The Moment Everything Felt Wrong
I still remember the exact second I realized I'd been approaching contemporary dance all wrong. I was twenty-two, fresh out of a conservatory program where I'd won awards for my extensions and spotless pirouettes. I walked into my first professional rehearsal, chest high, ready to impress. The choreographer—a tiny woman with paint-stained jeans and zero interest in my resume—looked at me for ten seconds and said, "You're holding your breath. Stop trying to be pretty and just breathe."
I wanted to cry. Also, I wanted to quit. But mostly, I realized that everything I'd been told about "building a foundation" for contemporary dance had missed the point entirely.
The Myth of the Perfect Foundation
Most dance studios sell you a lie. They tell you that contemporary dance is a pyramid: ballet at the bottom, modern technique in the middle, and "expression" at the top once you've earned it. So you drill your tendus. You flatten your back. You point your toes until your arches cramp. You believe that once your technique is bulletproof, the artistry will magically follow.
It doesn't work that way. Contemporary dance isn't built on top of classical rules; it often actively breaks them. I've watched phenomenal ballet dancers struggle for months in contemporary pieces because they couldn't stop aiming for symmetry. They'd hit a shape, hold it like a photograph, and completely kill the momentum. The music kept moving. They didn't.
The foundation you actually need isn't about perfection. It's about trust—trust in your weight, your instincts, your ability to look unpolished and still command the room.
What "Technique" Means When Nobody's Watching
That doesn't mean technique disappears. It just shifts. In contemporary work, your technique is your relationship with the floor. Can you fall into it without sounding like a dropped sandbag? Can you push off it using your entire back, not just your feet? Can you carry another dancer's weight while both of you are off-balance?
I once trained with a dancer who'd never taken a formal ballet class. She'd started in capoeira, then moved into contact improvisation. Her lines weren't "clean" by ballet standards. But when she moved across the floor, the air around her seemed to bend. She understood momentum in a way I didn't because I'd spent years stopping mine at exactly 90 degrees.
If you're coming from a structured background, your homework isn't more grueling drills. It's relearning how to walk. Literally. Spend an hour moving across the studio without lifting your feet in the "proper" way. Let your heels hit the ground. Let your knees bend inward. It'll feel wrong. That's the point.
The Repertoire Nobody Talks About About
Everyone tells you to "build a diverse repertoire" by taking workshops and watching YouTube videos. That's fine. But the real education happens outside the studio.
Start going to galleries. Read poetry out loud. Walk through a crowded city street and notice how a tired commuter collapses into a subway seat—that's a movement phrase worth stealing. Contemporary dance steals from life, not just from other dance.
One of my teachers kept a "movement journal" that wasn't about dance at all. She'd paste in overheard conversations, dried leaves, angry rants about her landlord. When she choreographed, she'd flip through it and move from whatever emotional residue stuck to the page.
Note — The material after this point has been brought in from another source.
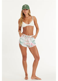 Woven shorts with drawcord elastic waistband and on seam pockets.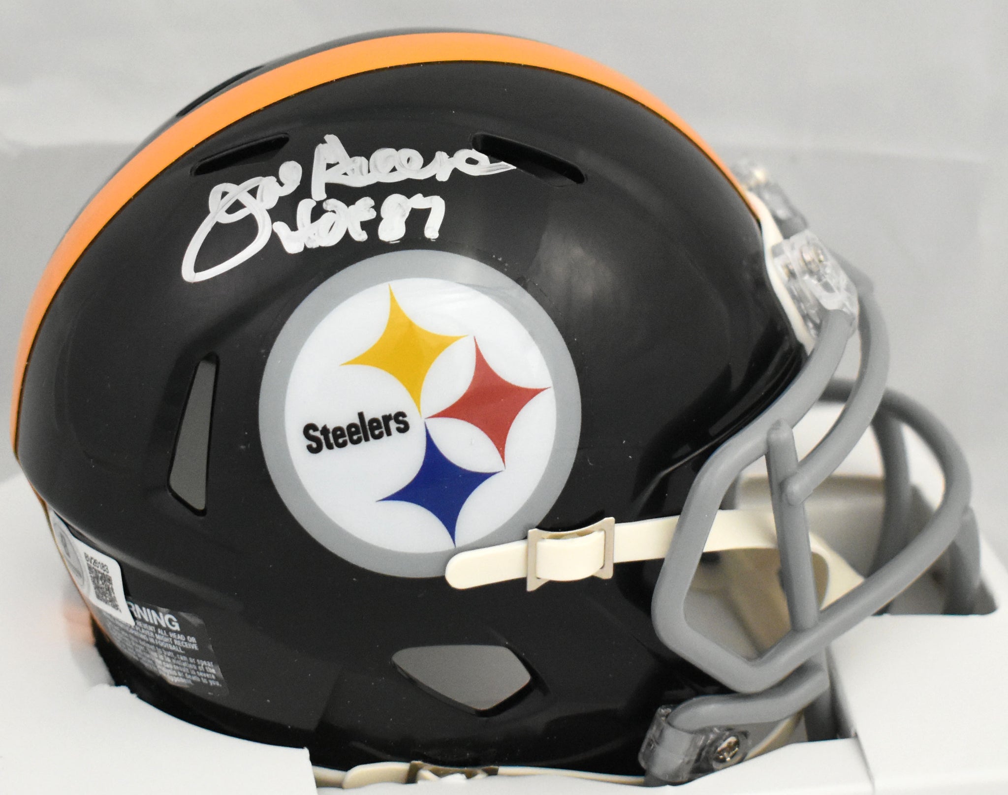 This is a hand autograph of Joe Greene of the Pittsburgh Steelers on a Riddell Speed Mini Helmet. Inscribed HOF. This item has a Beckett Authentication, which comes with a numbered hologram and a QR code for verification. You can view this item on the Beckett Authentication website. It was signed either at a public autograph appearance or a private signing. This is a stock photo of the item. Although you may not receive this exact item, the item you receive is virtually identical and brand new in great shape.

Her dances felt lived-in because they were. You could see the apartment leak and the argument with the grocery clerk in her shoulder blades.
Your Body Is Not a Machine to Tune
The original article probably would've told you to do yoga and Pilates here. I'm not going to do that, mostly because you've already heard it. Instead, I'll tell you what actually changed my dancing: I started paying attention to when I was lying to myself.
Contemporary movement asks you to be honest about fatigue, fear, and desire. You can't pretend your hip doesn't hurt when a choreography demands you collapse onto it. You can't fake wanting to reach for someone in a duet. Audiences can smell the difference between a shape and a feeling from the back row.
Learn your habits. Do you always look at yourself in the mirror? Choreographers notice. Do you hold tension in your jaw when you're nervous? That tension travels. Do you apologize with your hands after every "mistake"? Stop. Contemporary dance needs your full, unapologetic presence more than it needs your pointed toes.
The Only Rule That Matters
Here's the truth that took me years to accept: there is no universal "solid foundation" in contemporary dance. There's only your foundation. Maybe yours comes from martial arts, or gymnastics, or running barefoot through fields as a kid. Maybe it comes from grief, or joy, or boredom.
The best contemporary dancers I've worked with don't look alike. One moves like she's underwater; another like he's being chased. What they share isn't technique—it's clarity. They know why they're moving, even when the movement itself is messy.
So stop building. Start uncovering. Peel back the "shoulds" and the "supposed tos" until you find the raw, awkward, honest mover underneath. That person—the one who breathes, who falls, who doesn't always know the right answer—that's the dancer contemporary art has been waiting for.